- Born: May 10, 1962 (age 63) Saint-Jean-sur-Richelieu, Quebec

Team
- Curling club: CC Aurèle-Racine, Sorel, QC

Curling career
- Brier appearances: 4 (1998, 1999, 2001, 2003)
- Top CTRS ranking: 20th (2003-04)

Medal record
Men's curling
Representing Quebec
Labatt Brier
| Silver medal – second place | 1998 Winnipeg |  |
| Silver medal – second place | 1999 Edmonton |  |

= Guy Hemmings =

Canadian curler from Sorel (born 1962)

Guy Hemmings (born May 10, 1962) is a Canadian curler from Sorel. Hemmings gained prominence after reaching the final of the Brier in 1998 and 1999. He is considered an ambassador for the game, not only in his home province of Quebec but across Canada which he crosses every year as part of his "Guy Hemmings Rockin' the House Tour". In his tour he conducts "junior clinics at local curling clubs, visits elementary and high schools, visits the sick kids' wings at area hospitals and will host media scrums and is the keynote speaker at receptions at local curling clubs."

Hemmings was born in Saint-Jean-sur-Richelieu, Quebec, and began curling in 1984 at the age of 22. Eight years later, he played in his first provincial championship. In 1998, he won his first provincial championship giving him the right to represent Quebec at the 1998 Labatt Brier. That year, he lost in the final to Ontario, skipped by Wayne Middaugh. The following year, Hemmings made it to the finals again but lost to Manitoba, skipped by Jeff Stoughton. In the 1999 semi-final, Hemmings won the game with a last-shot draw to the back of the button vs Gerald Shymko, which was the shot of the week. (Hemmings had had won that honour the previous year as well). In the year 2000 he was hired by the Canadian Curling Association at an annual stipend of $50000 to be their goodwill ambassador.

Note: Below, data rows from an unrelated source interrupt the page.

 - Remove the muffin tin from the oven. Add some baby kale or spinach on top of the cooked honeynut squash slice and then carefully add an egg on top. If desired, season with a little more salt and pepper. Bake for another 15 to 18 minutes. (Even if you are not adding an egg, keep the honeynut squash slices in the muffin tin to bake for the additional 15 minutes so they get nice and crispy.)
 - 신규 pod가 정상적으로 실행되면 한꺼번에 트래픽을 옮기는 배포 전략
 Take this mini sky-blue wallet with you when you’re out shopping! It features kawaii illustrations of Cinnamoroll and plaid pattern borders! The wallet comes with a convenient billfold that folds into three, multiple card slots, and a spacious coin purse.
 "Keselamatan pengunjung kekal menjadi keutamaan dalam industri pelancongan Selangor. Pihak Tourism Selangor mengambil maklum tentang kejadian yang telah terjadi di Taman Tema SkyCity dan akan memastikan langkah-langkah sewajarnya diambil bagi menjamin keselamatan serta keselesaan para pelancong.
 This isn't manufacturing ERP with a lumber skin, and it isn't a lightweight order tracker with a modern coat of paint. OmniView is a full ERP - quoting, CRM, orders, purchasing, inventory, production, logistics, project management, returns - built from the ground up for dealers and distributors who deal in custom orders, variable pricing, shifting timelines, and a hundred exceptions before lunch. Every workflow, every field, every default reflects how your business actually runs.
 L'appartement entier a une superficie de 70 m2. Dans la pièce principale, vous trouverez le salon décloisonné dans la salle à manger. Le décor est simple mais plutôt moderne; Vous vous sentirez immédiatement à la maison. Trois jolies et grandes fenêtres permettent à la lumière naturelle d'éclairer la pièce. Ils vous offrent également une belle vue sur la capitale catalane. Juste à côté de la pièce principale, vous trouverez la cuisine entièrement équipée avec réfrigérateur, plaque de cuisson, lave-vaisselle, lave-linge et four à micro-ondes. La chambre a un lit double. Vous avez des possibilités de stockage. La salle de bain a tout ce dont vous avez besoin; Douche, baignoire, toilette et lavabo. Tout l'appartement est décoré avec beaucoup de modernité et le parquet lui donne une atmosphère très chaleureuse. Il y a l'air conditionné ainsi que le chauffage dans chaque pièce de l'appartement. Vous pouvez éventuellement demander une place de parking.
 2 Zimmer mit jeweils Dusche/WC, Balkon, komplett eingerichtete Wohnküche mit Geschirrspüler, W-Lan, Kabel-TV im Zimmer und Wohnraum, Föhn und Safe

Hemmings qualified for both the 2001 Nokia Brier and the 2003 Nokia Brier, but never again reached the final. He has been unable to win the provincial championships since then.

Hemmings was a colour commentator during the 2006 Winter Olympics and is a French language colour commentator for RDS since the 2010 Winter Olympics.

Hemmings currently coaches the Gim Eun-ji curling team.

==Personal life==
Hemmings currently works as a curling TV analyst. He is married.